The Aesthetics of Ruins
Title | The Aesthetics of Ruins PDF eBook |
Author | Robert Ginsberg |
Publisher | BRILL |
Pages | 573 |
Release | 2021-08-04 |
Genre | Philosophy |
ISBN | 9004495932 |
This book constructs a theory of ruins that celebrates their vitality and unity in aesthetic experience. Its argument draws upon over 100 illustrations prepared in 40 countries. Ruins flourish as matter, form, function, incongruity, site, and symbol. Ruin underlies cultural values in cinema, literature and philosophy. Finally, ruin guides meditations upon our mortality and endangered world.
The Ruins
Title | The Ruins PDF eBook |
Author | Scott Smith |
Publisher | Vintage |
Pages | 385 |
Release | 2006-07-18 |
Genre | Fiction |
ISBN | 0307266044 |
NATIONAL BESTSELLER • Trapped in the Mexican jungle, a group of friends stumble upon a creeping horror unlike anything they could ever imagine in "the best horror novel of the new century" (Stephen King). Also a major motion picture! Two young couples are on a lazy Mexican vacation—sun-drenched days, drunken nights, making friends with fellow tourists. When the brother of one of those friends disappears, they decide to venture into the jungle to look for him. What started out as a fun day-trip slowly spirals into a nightmare when they find an ancient ruins site ... and the terrifying presence that lurks there. "The Ruins does for Mexican vacations what Jaws did for New England beaches.” —Entertainment Weekly “Smith’s nail-biting tension is a pleasure all its own.... This stuff isn’t for the faint of heart.” —New York Post “A story so scary you may never want to go on vacation, or dig around in your garden, again.” —USA Today
Before the Ruins
Title | Before the Ruins PDF eBook |
Author | Victoria Gosling |
Publisher | Henry Holt and Company |
Pages | 288 |
Release | 2021-01-12 |
Genre | Fiction |
ISBN | 1250759145 |
Named a Best New Book of 2021 (so far) by Real Simple Named a Most Anticipated Book of 2021 by Lit Hub and Bustle A gripping, multilayered debut in the tradition of Tana French and Donna Tartt about four friends, an empty manor, and a night that will follow them for the rest of their lives It's the summer of 1996 and school's out forever for Andy, her boyfriend Marcus, her best friend Peter, and Em. When Andy's alcoholic mother predicts the apocalypse, the four teenagers decide to see out the end of the world at a deserted manor house, the site of a historic unsolved mystery. There they meet David—charming and unreliable, he seems to have appeared out of nowhere. David presents an irresistible lure for both Andy and Peter and complicates the dynamics of their lifelong friendship.

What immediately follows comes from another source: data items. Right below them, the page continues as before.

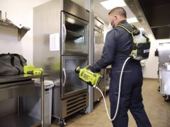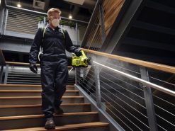 ホームセンターで今すぐ購入 prothe ryobi 18v one+ コードレス 1 ガロン静電噴霧器を使用すると、バッテリー電源の便利さと自由度を利用して、水溶性消毒剤やその他の洗浄液を噴霧できます。リョービの静電噴霧器は、クラス最高の静電帯電技術を利用して、噴霧される溶液中の粒子を正に帯電させ、より迅速かつ良好な表面の被覆を実現します。これらの荷電粒子により、溶液がより効果的にさまざまな表面に付着し、カバーできるようになります。付属の 18v one+ バッテリーを使用すると、1 回の充電で最大 30 ガロンをスプレーできます。この噴霧器には 2 つの 18V バッテリー + 2.0 AH バッテリーが付属しており、適用範囲を 2 倍にします。快適なバックパックのデザインにより、快適な片手操作が可能になり、ホルスターは適切なデザインになっています。右利き用または左利き用です。従来のスプレーに最適な化学薬品を使用する場合は、オン/オフ スイッチをオンにして静電技術を有効にするか、無効にします。 3-in-1 調整可能なノズル セレクターを使用すると、さまざまなスプレー用途に合わせて 3 つのスプレー パターンから選択できます。ノズルを回して低、中、高を選択するだけで、最大 2 フィート離れたところに 65 ミクロン、最大 5 フィート離れたところに 85 ミクロン、最大 10 フィート離れたところに 160 ミクロンをスプレーします。大きな 1 ガロンのタンクは、充填時の持ち運びを容易にするハンドルが付いているように設計されており、余分な液体の除去やタンクの切り替えの際にユニットから簡単に取り外すことができます。
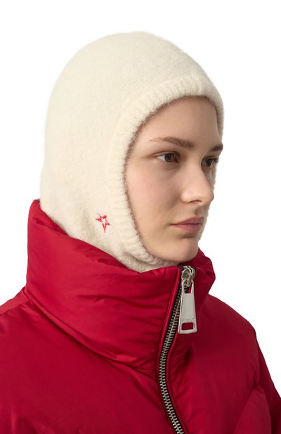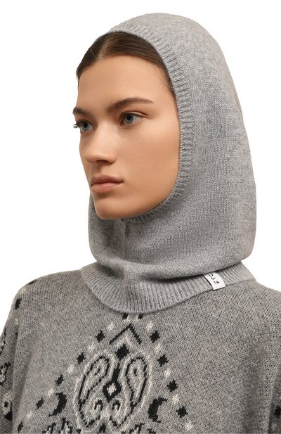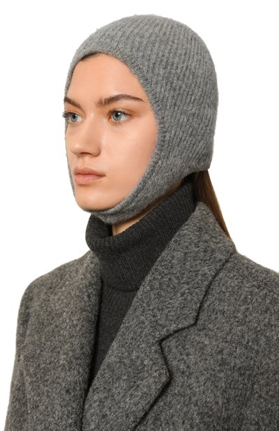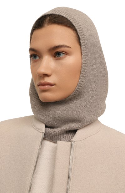 Для изготовления лаконичного капора с широкой манжетой и узким кантом в рубчик использовали чистый кашемир. Сочетание в составе пряжи неокрашенных нитей разных оттенков придало аксессуару меланжевый эффект.
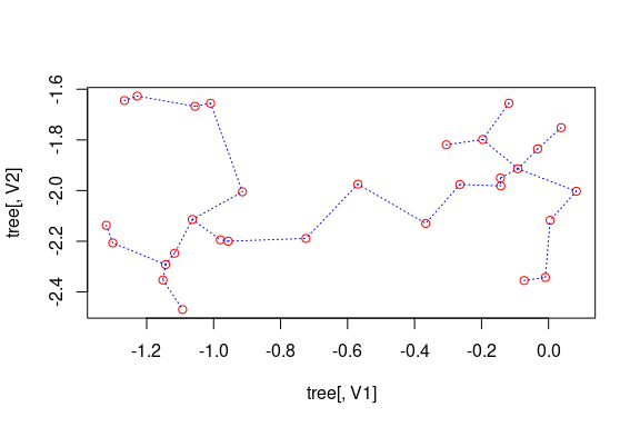 out <- ComputeMST(d, verbose = FALSE)## simple 2D plot:
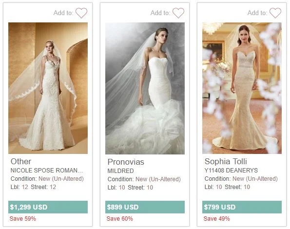 A few of the wedding dresses available on PreOwned Wedding Dresses.
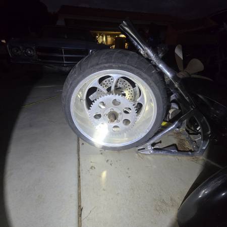 Up for grabs is a Harley Davidson big back tire with a solid 85% tread life left β plenty of miles to go! Itβs already mounted on a custom rim and comes with two rotors, making this a killer setup for anyone looking to upgrade their ride.
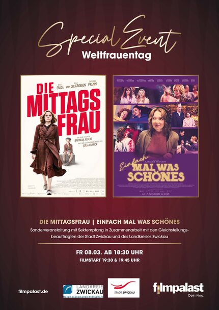 Die Gleichstellungsbeauftragten der Stadt und des Landkreises Zwickau, Ulrike Lehmann und Birgit Riedel, haben auch in diesem Jahr wieder gemeinsam mit dem Filmpalast Astoria ein besonderes Frauentags-Filmerlebnis vorbereitet: „Das Kino ist eine Frau“. Weil es bisher so gut angenommen wurde, gibt es das Veranstaltungsformat nun schon zum dritten Mal in Folge.
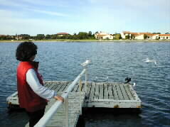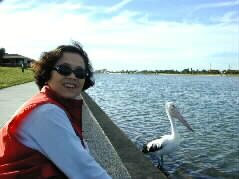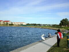 ![]() レイクに水鳥がいっぱいいますが、特に珍しいのがペリカンです。朝や夕方にはつがいで悠々と飛んでいるのできっとこのレイクの主なんでしょう。実際に自然のペリカンを見るのは始めてです。側へ寄っても逃げません。思った以上に大きいです。そして長い大きなくちばしと目がぬいぐるみのようです。釣った魚をもらうからでしょう、釣り人のそばから離れません。 |
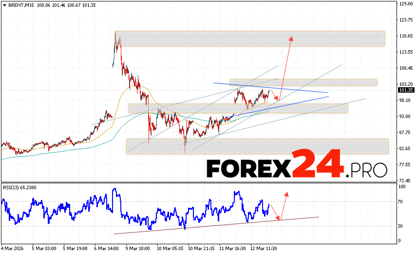 Brent crude oil Forecast for March 13, 2026 suggests an attempt to test the support level near $98.05. Further growth is expected with a target above $118.75. A test of the trend line on the relative strength indicator (RSI) would support the upside. A decline and a break of $92.05 would cancel the upward trend in Brent oil prices. This would indicate a continued decline in prices below $75.65.
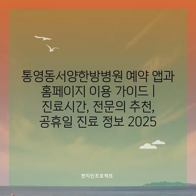 통영동서양한방병원 예약 앱과 홈페이지 이용 설명서 | 진료시간, 전연락 추천, 공휴일 진료 정보 2025 통영동서양한방병원은 편리한 예약 시스템을 통해 언제 …

When the group learns that a diamond necklace, stolen fifty years ago, might still be somewhere on the manor grounds, the Game—half treasure hunt, half friendly deception—begins. But the Game becomes much bigger than the necklace, growing to encompass years of secrets, lies, and, ultimately, one terrible betrayal. Meticulously plotted and gorgeously written, Before the Ruins is a page-turner of the highest order about the sealed-off places in our pasts and the parts of ourselves waiting to be retrieved from them.